1

When I use the String.split() method, how come sometimes I get empty strings? For example, if I do:

"(something)".split("\\W+")  

Then the first element of the return value will be an empty string. Also, the example from the documentation (as seen here) doesn't make sense either.

Regex          Result

  :    { "boo", "and", "foo" }}
  o    { "b", "", ":and:f" }}

How come the ":" is used as the delimiter, there are no empty strings, but with "o" there are?

paxdiablo
  • 854,327
  • 234
  • 1,573
  • 1,953
b_pcakes
  • 2,452
  • 3
  • 28
  • 45
  • 6
    Because there are two consecutive `o`s so when you split it, you have an empty String between. – Tunaki Sep 24 '15 at 08:31
  • 8
    The rule of thumb is that `split()` returns an array of `String`s that you can join back together and get the original string if you know the delimiter.

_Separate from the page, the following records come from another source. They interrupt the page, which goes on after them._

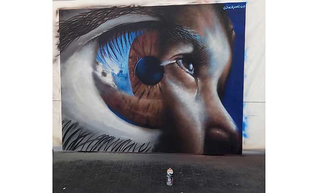 El artista grafitero Nauni69, procedente de Almería, ha resultado ganador de la IV edición del Concurso de Arte Urbano ‘Adiós?’ con un premio de 1.250 euros, gracias a su obra ‘Si veis solo con los ojos sois ciegos y a mí nunca me veréis’. Nauni69 explicaba a Adiós Cultural, organizadora del concurso patrocinado por Funespaña, “no podemos hablar sin ver el siguiente paso, disfrutemos de este y veamos el próximo cuando pasemos al siguiente paso, entonces entenderemos por qué se nace, por qué se llora, se ríe, se enferma, se cura, se muere… veremos a ver”.
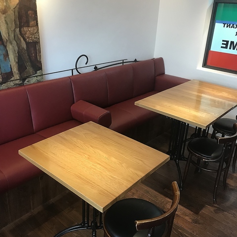 【広々としたテーブル席】アーティスティックな絵画がお洒落な雰囲気を醸し出している店内。真っ赤なソファー席でゆったりとしたお時間をお過ごしいただけます♪人数に応じてお席をご用意いたしますので、御祝い事や女子会にもピッタリ◎時間を忘れて楽しいひと時をお過ごし下さい!!
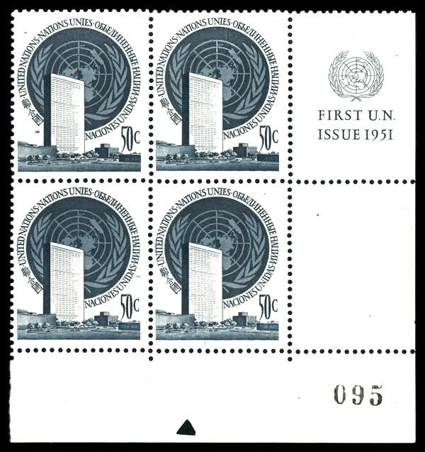 1951, 50¢ indigo, 2nd printing, with control number & triangle cutout LL block (Scott 10), inscription block of 4, o.g., never hinged, Fine to Very Fine. Gaines 10.2b. (Image)

So if the original string starts with the delimiter, the result will start with an empty string, if the original has two consecutive delimiters, the result will contain an empty string there and so on. – biziclop Sep 24 '15 at 08:34
  • See http://stackoverflow.com/questions/145509/why-does-abcd-startswith-return-true The point is the empty strings are located at the beginning, end and between each symbol. `\W` matches the start and end of string, and non-word characters. – Wiktor Stribiżew Sep 24 '15 at 08:44

2 Answers2

2

With:

"(something)".split("\\W+")

it's assuming the delimiter comes between fields, so what you end up with is:

""   "something"   ""    <- fields
   (             )       <- delimiters

You could fix that by trimming the string first to remove any leading or trailing delimiters, something like:

"(something)".replaceAll("^\\W*","").replaceAll("\\W*$","").split("\\W+")

With something like:

"boo:and:foo".split("o", 0)

you'll get:

"b"   ""   ":and:f"   <- fields
    o    o            <- delimiters

because you have consecutive delimiters (which don't exists when the delimiter is ":") which are deemed therefore to have an empty field between them.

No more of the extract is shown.